Extended Data Figure 2 Pluritest scores in the two culture conditions.
a–c, Comparison of PluriTest novelty score versus pluripotency score for the 711 lines generated. Lines grown on feeder-free conditions (E8 medium) scored systematically lower than feeder-dependent lines (P = 1.62 × 10−43; _t_-test, for pluripotency score). We note that, while we cannot rule out that feeder-free lines are less pluripotent, feeder-free conditions are not well represented in the PluriTest training dataset, which may explain this result (of the 204 ES cell/iPS cell lines in the PluriTest paper that have medium metadata available, none were cultured in E8 and only 37 were cultured in a variety of other feeder-free formulations such as MTSER). d, Despite lower pluripotency scores, lines grown on feeder-free conditions have higher fractions of cells expressing canonical protein markers of pluripotency.
Extended Data Figure 3 Extended CNA analysis.
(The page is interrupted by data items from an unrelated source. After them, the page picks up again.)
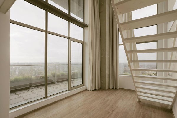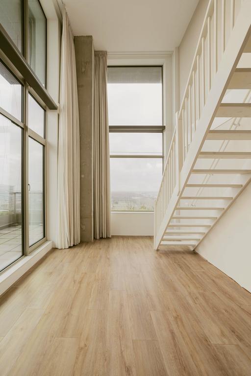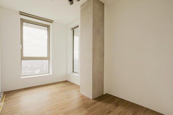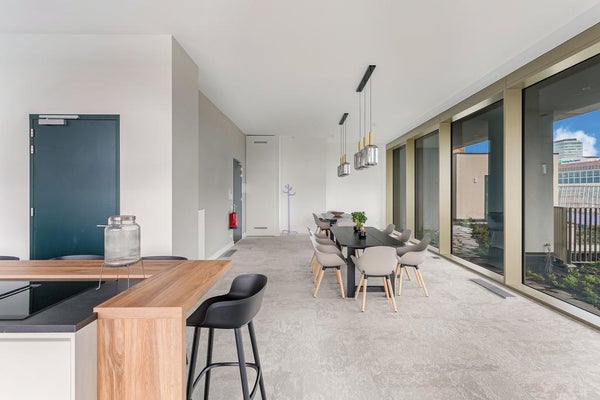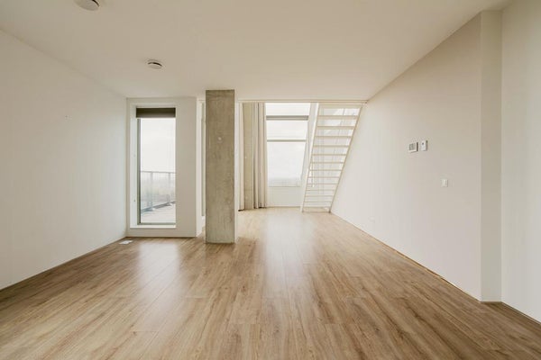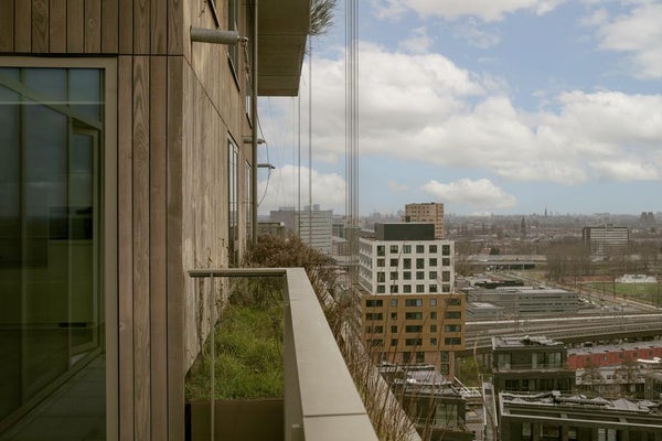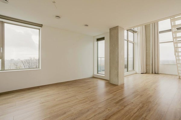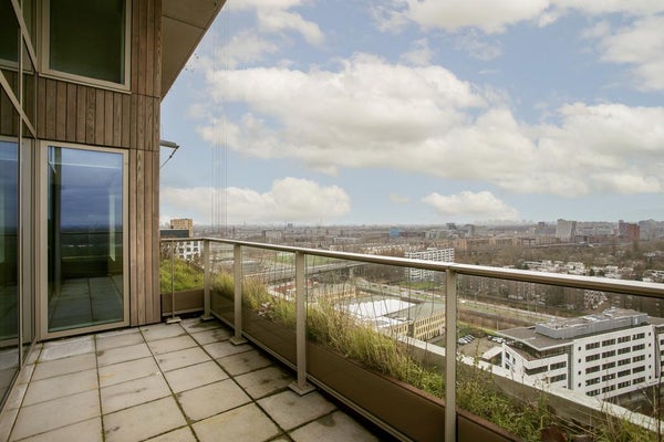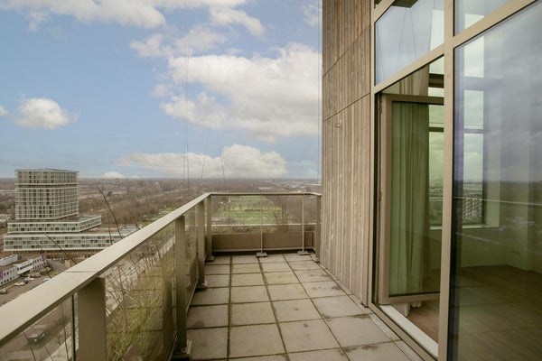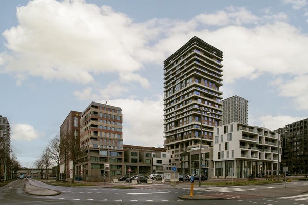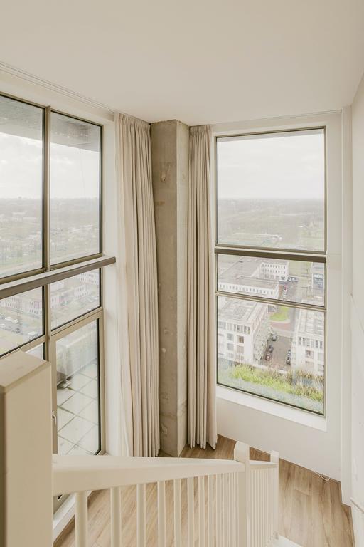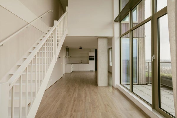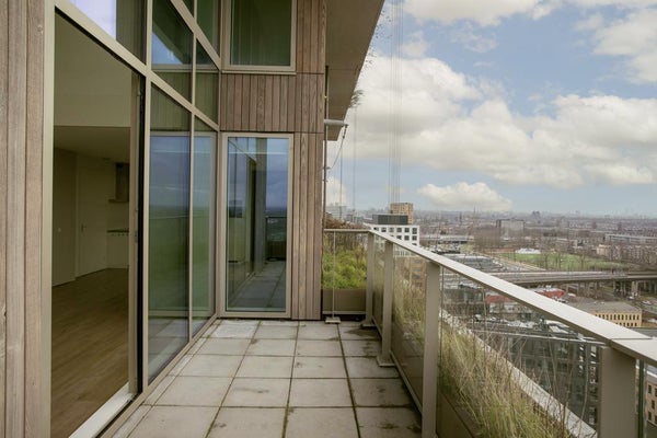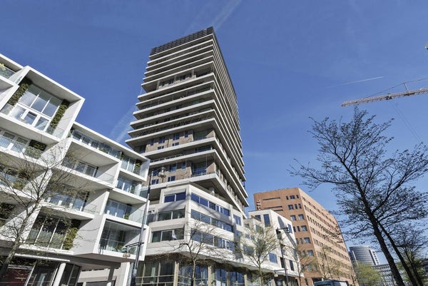 Very exclusive duplex corner apartment of 87 m2 with a terrace on the 14th floor of the Vertical building. The luxuriously finished apartment is rented including upholstery, bicycle parking spaces and an optional parking space. The house has a living room of approx. 40 m2 with two floor high windows on the corner. The southwest facing terrace is approx. 10 m2.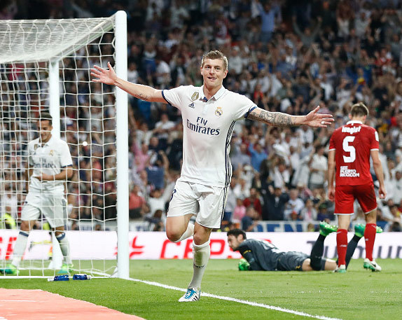 Kroos memperkuat Madrid sejak musim 2014/15. Kemenangan atas Sevilla ini adalah kemenangan yang ke-100 baginya.
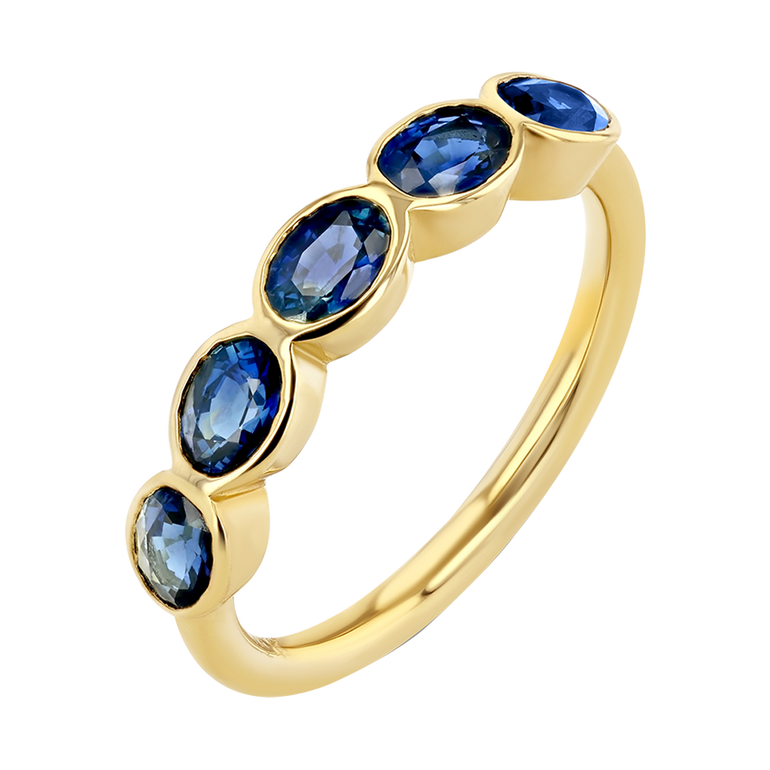 Ring with 1.00-1.10 CT. T.W. oval-cut sapphires in bezel setting.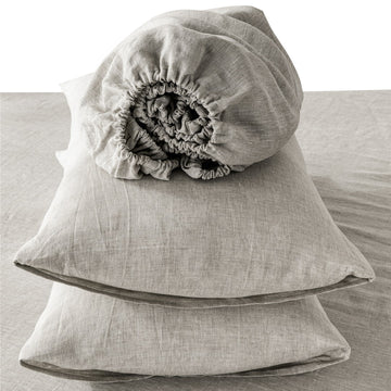 4 Pcs King Bedding Set, Premium Linen Bedding Sheets & Pillowcases, Bed In A Bag King Size Bed Set, Greige Bedding Sheet & Pillowcase Sets Greige Linen Linen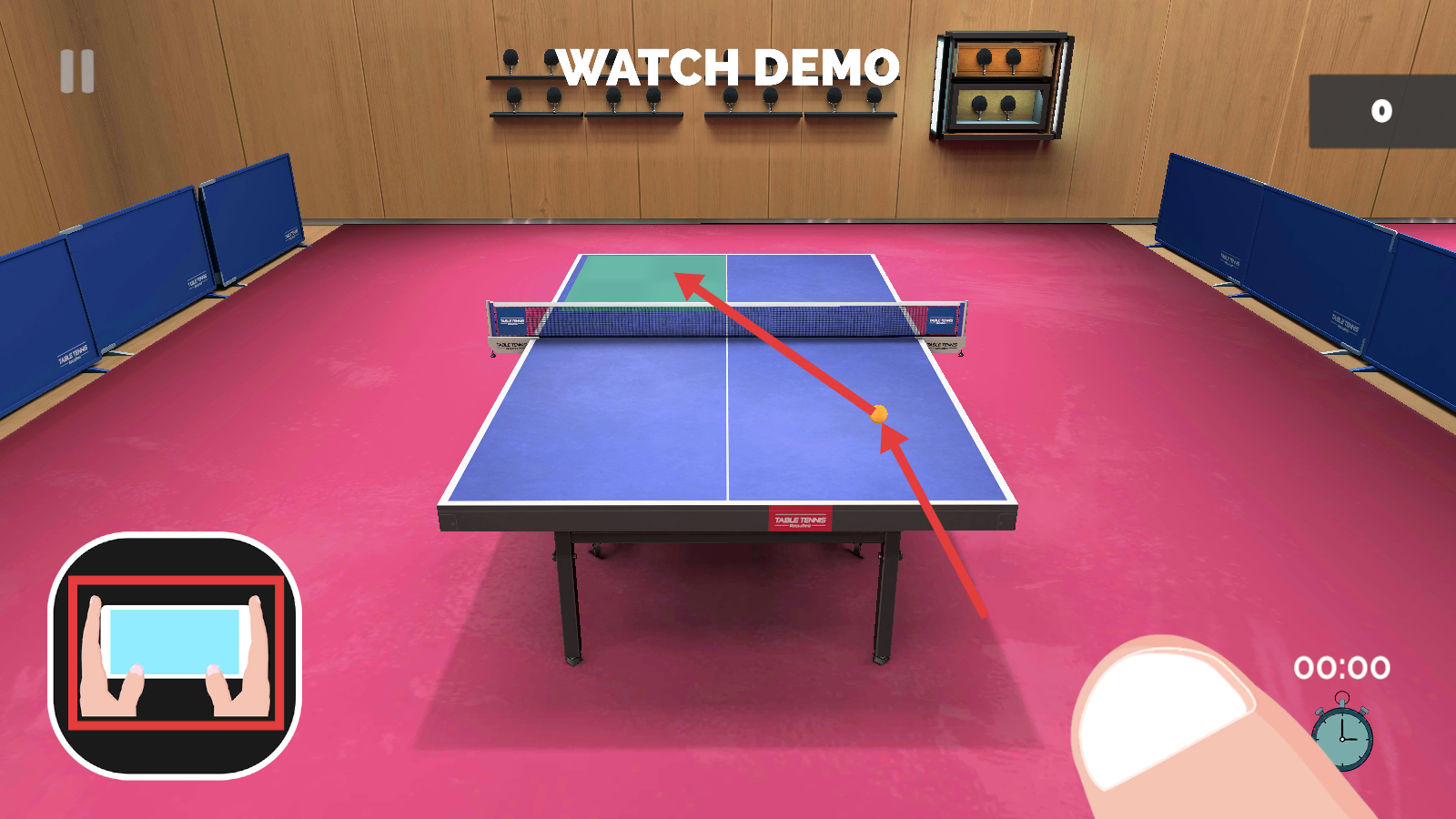 2、练习时,可参考界面的【WATCHDEMO】演示轨迹,学习把球精准击打到对面台面的目标区域的方法。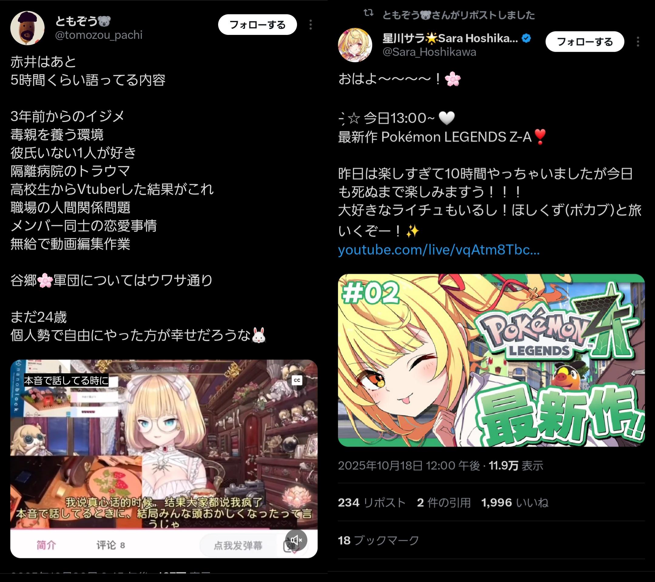 | … | 906無念Nameとしあき26/04/08(水)23:55:07No.1399535720そうだねx3 1775660107981.mp4-(6038707 B) 鳴神「俺の動画見てる奴等が普段見てるの全部にじさんじだった」 |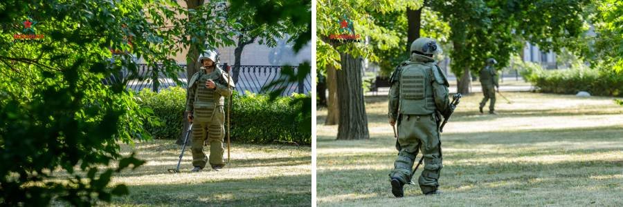 Специально для устранения такого подлого и нечеловеческого поступка в Донецк прибыли российские военные инженеры из состава Международного противоминного центра. Саперы проверяют улицы, парки, скверы и дворы Донецка. Им помогает робототехнический комплекс разминирования «Уран-6». Работу российских инженеров запечатлел корреспондент «Военной платформы».

Relationship between the number of CNAs, using three CNA minimum length thresholds for calling CNAs: 200 kb, 500 kb and 1,000 kb and other experimental factors. Values on the x axis have been ‘jittered’ (that is, small random ‘noise’ has been added to the true values) to enhance the visualization. Data points underlying the box plots are shown as semi-transparent blue dots. a, Number of CNAs per line versus passage number. P values are shown from a generalized linear mixed model (Poisson regression) with donor random effect. b, Box plot of the number of autosomal CNAs per line versus growth medium. P values are for a Poisson regression for culture condition. c, d, Number of autosomal CNAs per line versus PluriTest pluripotency and novelty scores. P values are for a linear mixed model of the number of autosomal CNAs per line with a random effect for donor. e, f, Number of CNA counts per donor versus gender and donor age. CNA counts refer to the total number of unique CNAs across all lines derived from the same donor. CNAs that are shared between lines of the same donor (overlap by at least one base) are counted only once. P values are shown for a Poisson regression for either gender or age.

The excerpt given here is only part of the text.